Later, a judge rules that Alan and Joan can remarry, but because they were not legally married at the time of the birth of their son, he will still legally be regarded as illegitimate.

==Cast==
- Anna Neagle as Diana Fraser
- Michael Wilding as Captain Alan Pearson
- Frances Mercer as Joan Draper
- Michael Laurence as Bill Weston
- Coral Browne as Virginia Pearson
- A. E. Matthews as Sir Charles Pearson
- Edward Rigby as Judd
- Brenda Bruce as Sally Benton
- Leslie Dwyer as Sam
- Maire O'Neill as Mrs. Millgan
- Reginald Owen as judge
- Michael Medwin as radio operator
- Roger Moore as guest sitting at Pearson's table (uncredited)

==Production==
Herbert Wilcox made the film as a follow-up to I Live in Grosvenor Square (1945). He hoped to use the same leads, Anna Neagle and Rex Harrison, but the success of Grosvenor Square saw Harrison offered a contract with 20th Century Fox. Wilcox offered the role to John Mills, who turned it down. He accepted Michael Wilding reluctantly at the suggestion of Wilding's agent, but once he saw Wilding and Neagle play their first scene together, he put Wilding under a personal long-term contract.

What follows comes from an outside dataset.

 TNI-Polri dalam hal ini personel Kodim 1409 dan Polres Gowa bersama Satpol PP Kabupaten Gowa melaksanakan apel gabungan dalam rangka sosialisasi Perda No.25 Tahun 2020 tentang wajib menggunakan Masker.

Wilcox teamed his wife Anna Neagle with Michael Wilding for the first time, establishing them as top box-office stars in five more films, ending with Derby Day (1952). Wilding was third choice for leading man after Rex Harrison and John Mills.

==Reception==

=== Box office ===
It was the second most popular film at the British box office in 1946, after The Wicked Lady.

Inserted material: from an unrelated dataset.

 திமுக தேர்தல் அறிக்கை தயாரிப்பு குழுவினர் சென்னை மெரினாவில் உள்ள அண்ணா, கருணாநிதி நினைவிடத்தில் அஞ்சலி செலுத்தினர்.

The film was successfully reissued in 1947.

=== Critical reception ===
Though The New York Times thought the film demonstrated "the British are quite as capable as the Americans of unconvincing direction, ill-considered writing and tedious acting" while English critic Godfrey Winn wrote "In Piccadilly Incident is born the greatest team in British Films".

Leonard Maltin wrote "good British cast gives life to oft-filmed plot".

Allmovie called the film "a weeper deluxe".

The Radio Times concluded that the film "effectively opens the tear ducts".

Leslie Halliwell said: "The Enoch Arden theme again, and the first of the Wilcox-Neagle 'London' films, though untypically a melodrama with a sad ending."

In British Sound Films: The Studio Years 1928–1959 David Quinlan rated the film as "average", writing: "A big box-office hit, it established the stars as one of Britain's most potent post-war teams."

== Accolades ==
It was voted the best British film of 1946 at Britain's National Film Awards. Neagle's was voted Best Actress of the year by the readers of Picturegoer magazine.